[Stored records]
::::

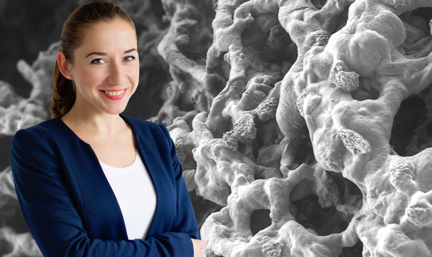 Tematyka badań naukowych prowadzonych przez dr inż. Agatę Skwarczyńską dotyczy kompozytowych biomateriałów do zastosowań w inżynierii tkankowej. Dr Skwarczyńska opracowała oryginalny sposób wytwarzania scaffoldów chitozanowych zawierających Ca i P z przeznaczeniem jako scaffoldy do hodowli komórkowej osteoblastów.
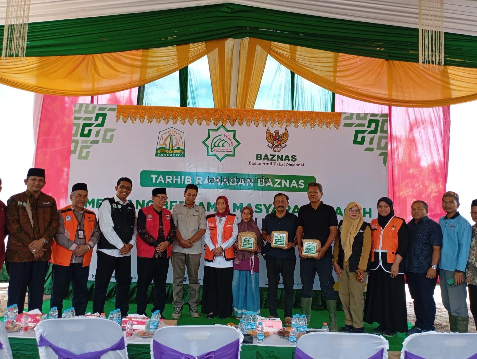 Dalam agenda Tarhib Ramadhan BAZNAS 1447 H-2026M yang bertemakan Meugang Bersama Masyarakat Aceh, Zakat Menguatkan Indonesia bertempat di halaman mesjid Nur Hasanah Kampung Kebun Tanah Terban Kecamatan Karang Baru, Aceh Tamiang, Senin, 16 Februari 2026.
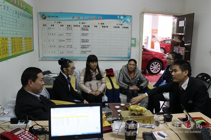 座談中,玉林市得利汽車銷售服務有限公司財務總監黃總監對我院財信系杜嬋同學近三個月所取得的工作業績和已掌握的專業技能給予了充分的肯定,并希望雙方能在今后進一步加強校企合作。同時,黃總監還強調了學生提升為人處事、善于不斷總結與思考等軟實力的重要性,希望實習生們要有良好的工作心態,努力從基層鍛煉,不斷提高自身專業技能和競爭力,樹立良好的職業規劃,為今后不斷提升奠定夯實的基礎。
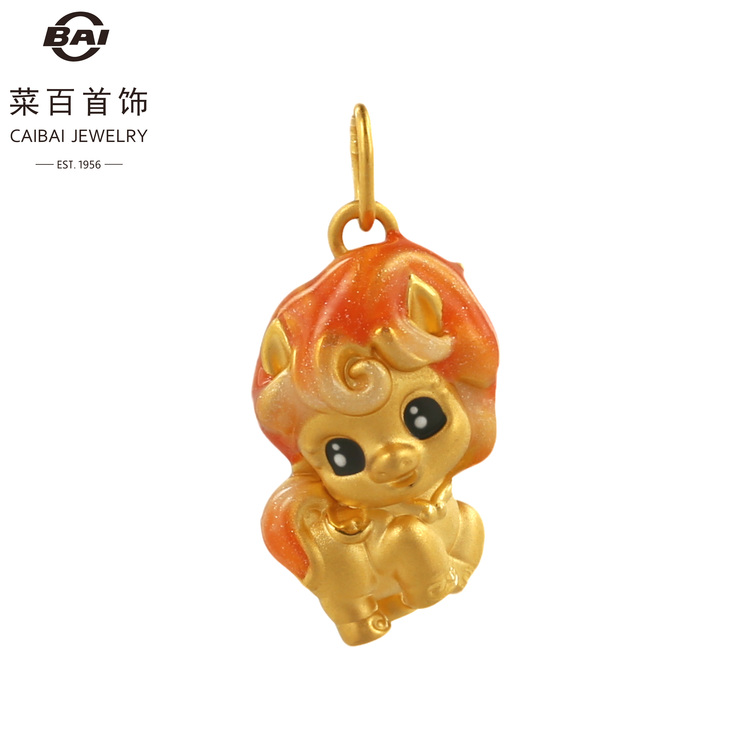 菜百首饰 足金项坠5D鎏彩-小马多多系列-多财
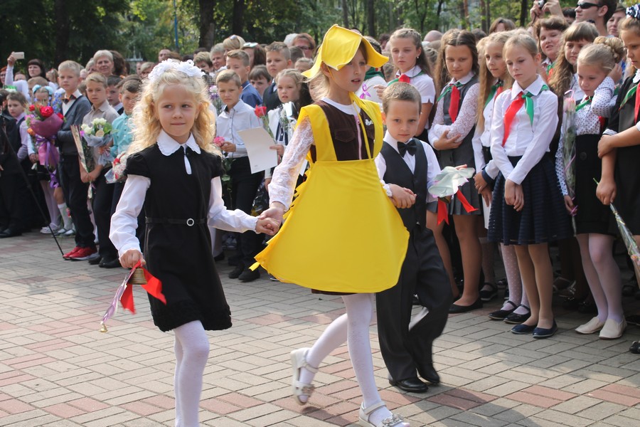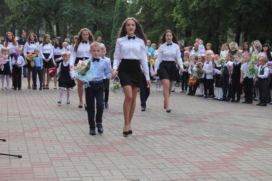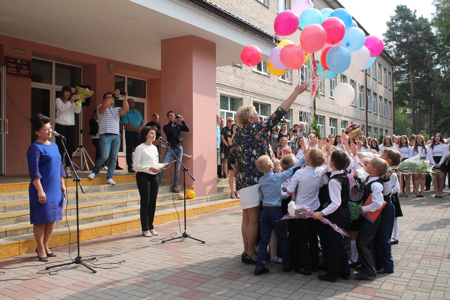 По окончании линейки малыши-первоклассники отпустили в небо разноцветные шары, а первый звонок поручено было пронести четверокласснице Надежде Бештень и первоклассникам Глебу Кострубенко и Каролине Гаврилкевич.
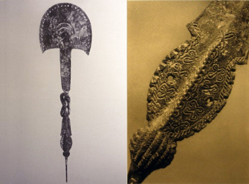 Another object indicating iconography of power was a remarkably preserved bronze hilt in the form of a horseman set on decorated pommel decorated in a grass-weave pattern surmounted by round bosses. The rider is depicted with exaggerated proportions relative to the horse, and with emphasis on the head in a style that would become ubiquitous for the region's art traditions especially in Ife and Benin. This is also one of the oldest equestrian figures in west Africa's forest region, where horses were mostly used for ceremonial display.25
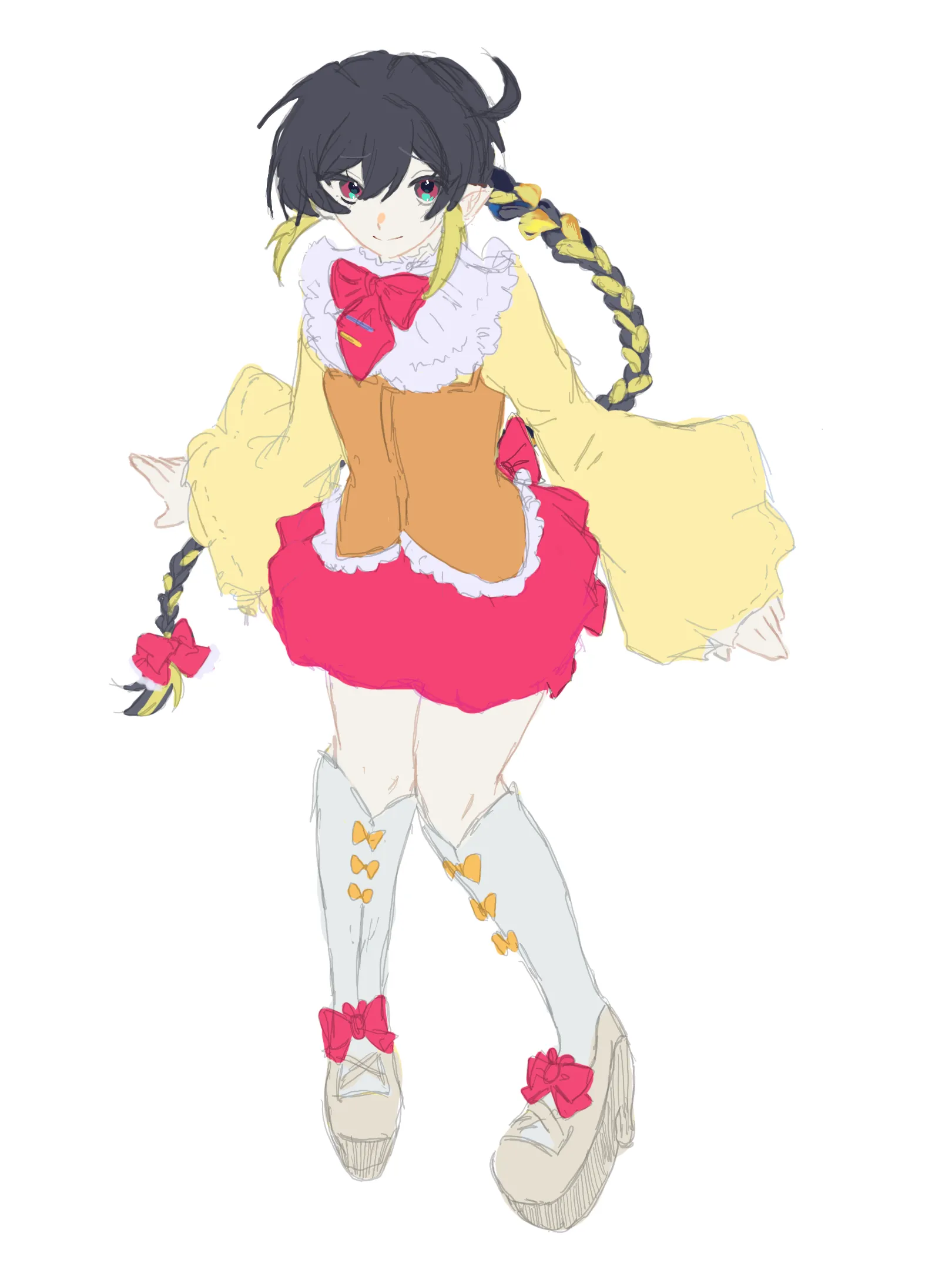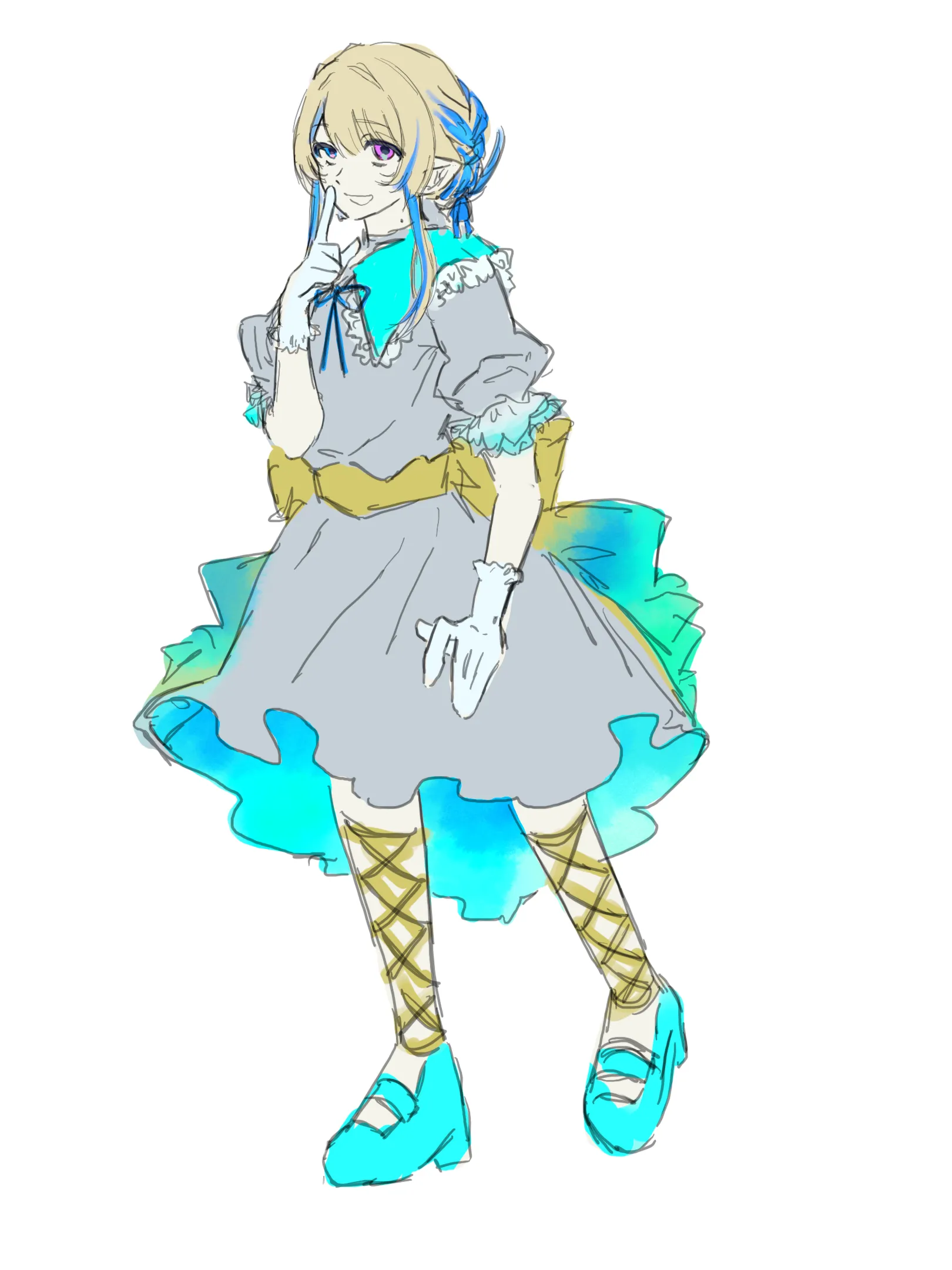 ・髪のメッシュず合わせたリボンを腰に倧きく巻く
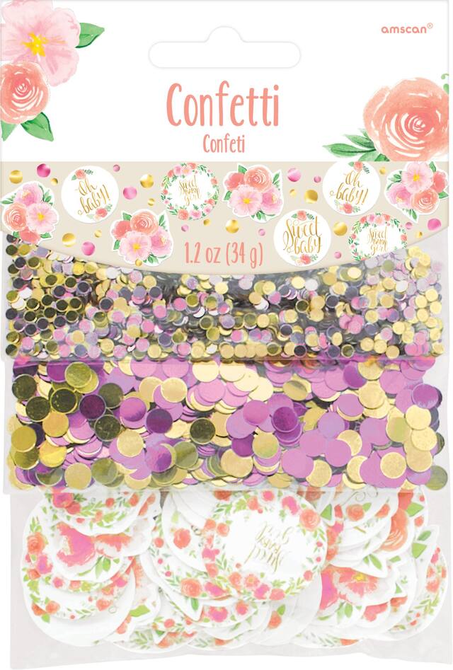 Floral confetti perfect for adding a little shine to your baby celebration. The cardstock and foil cutouts in metallic pink circles and flower shapes provide a decorative touch when sprinkled on tables for a baby shower or in invitation envelopes. Make your party glow with the help of this shimmering confetti.
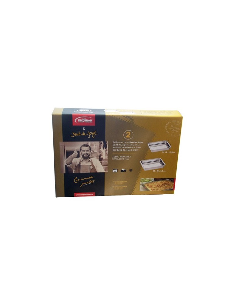 Set de 2 fuentes de horno rectangulares en acero inoxidable 18%, de 30 x 21 x 5,5 y 35 x 26 x 5,5 cm, en caja de regalo con la imagen de David de Jorge.
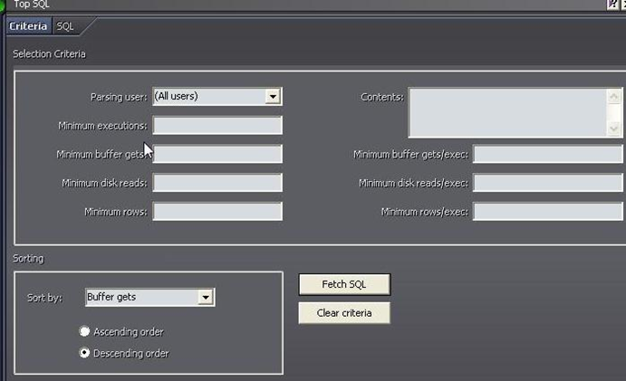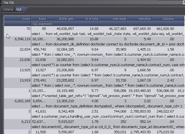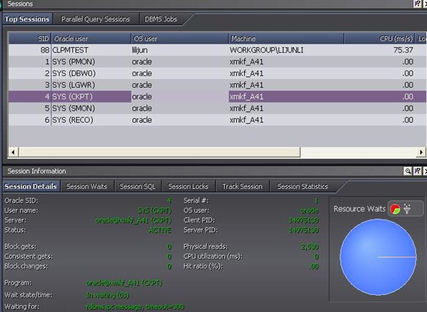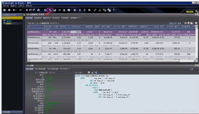 top sql: 点击Top Sql可以查看系统中所有占用资源较大的sql语句,选择相应行,可以查看SQL information详细信息;
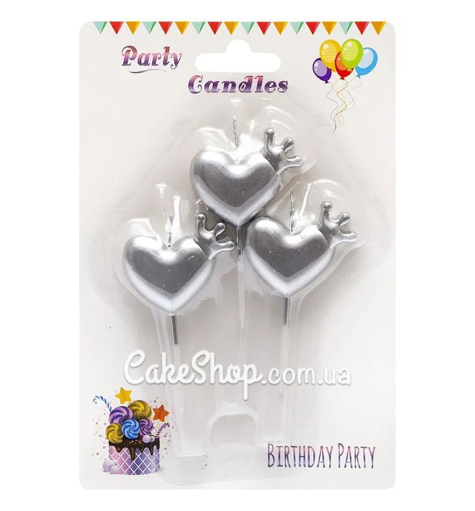 Свічки для торта Серця з короною срібні
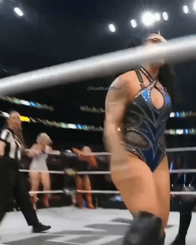 Content Description: a woman in a wrestling ring with the words skyeblue official written on the bottom
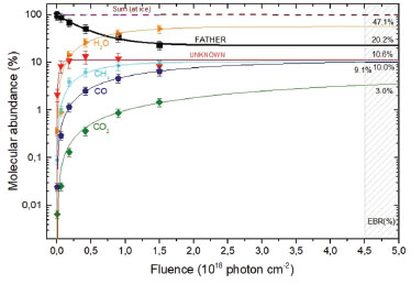 ![]() Figure 8. Percentage evolution and percentage destruction of the abundance of species of methanol irradiated with photons indicated as a function of photon fluence. The gray rectangle indicates the estimated region of the chemical equilibrium fluence (FE). From this fluence onwards the chemical composition of the sample practically does not change during the processing by the ionizing radiation
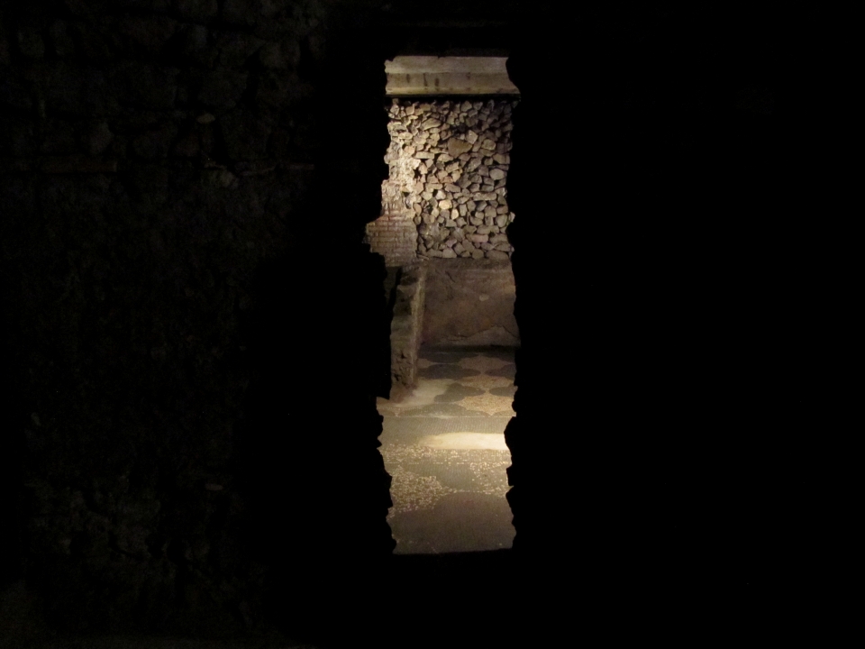 Prima di riemergere alla luce del giorno, non mancherà occasione di ammirare antiche pitture superstiti, mosaici pavimentali e alcune lastre marmoree riutilizzate varie volte e legate alla storia più recente del complesso.
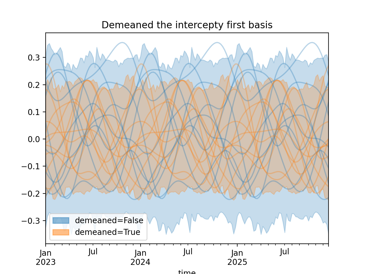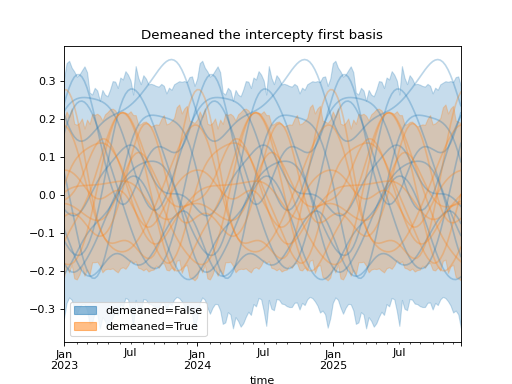 import numpy as np import pandas as pd import xarray as xr import matplotlib.pyplot as plt from pymc_marketing.mmm import HSGPPeriodic from pymc_marketing.plot import plot_curve seed = sum(map(ord, "Periodic GP")) rng = np.random.default_rng(seed) scale = 0.25 ls = 1 kwargs = dict(ls=ls, scale=scale, period=52, cov_func="periodic", dims="time", m=20) n = 52 * 3 dates = pd.date_range("2023-01-01", periods=n, freq="W-MON") X = np.arange(n) coords = {"time": dates} hsgp = HSGPPeriodic(demeaned_basis=False, **kwargs).register_data(X) hsgp_demeaned = HSGPPeriodic(demeaned_basis=True, **kwargs).register_data(X) def sample_curve(hsgp): return hsgp.sample_prior(coords=coords, random_seed=rng)["f"] non_demeaned = sample_curve(hsgp).rename("False") demeaned = sample_curve(hsgp_demeaned).rename("True") combined = xr.merge([non_demeaned, demeaned]).to_array("demeaned") _, axes = combined.pipe(plot_curve, "time", same_axes=True) axes[0].set(title="Demeaned the intercepty first basis") plt.show()
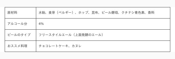 リゾート気分を感じるフルーティーな味わい、カクテルみたいに映える色合い、スパークリングワインみたいに爽やかで飲みやすい、女子受け抜群の新感覚ビールです。低アルコールで苦みがあまりなく、あなたの開放的な時間に寄り添う、リラックスタイムにピッタリ。普段ビールを飲まない方、お酒に弱い方でも美味しくいただけます。おススメの料理は、ガツンとした味わいのもの、例えば濃厚なチョコレートケーキやカヌレにぴったりです。敦賀市の地場産業「おぼろ昆布」の製造過程における端材を隠し味として原料にも使っており、思わぬ栄養分もあるかもしれません。

::::

Your instructions
Return only the part above that opens with the line containing "Content Description: a" and closes with the line containing "Prima di riemergere", exactly and with both ends, skipping the pictures.

Result of this task
 Content Description: a woman in a wrestling ring with the words skyeblue official written on the bottom
 ![]() Figure 8. Percentage evolution and percentage destruction of the abundance of species of methanol irradiated with photons indicated as a function of photon fluence. The gray rectangle indicates the estimated region of the chemical equilibrium fluence (FE). From this fluence onwards the chemical composition of the sample practically does not change during the processing by the ionizing radiation
 Prima di riemergere alla luce del giorno, non mancherà occasione di ammirare antiche pitture superstiti, mosaici pavimentali e alcune lastre marmoree riutilizzate varie volte e legate alla storia più recente del complesso.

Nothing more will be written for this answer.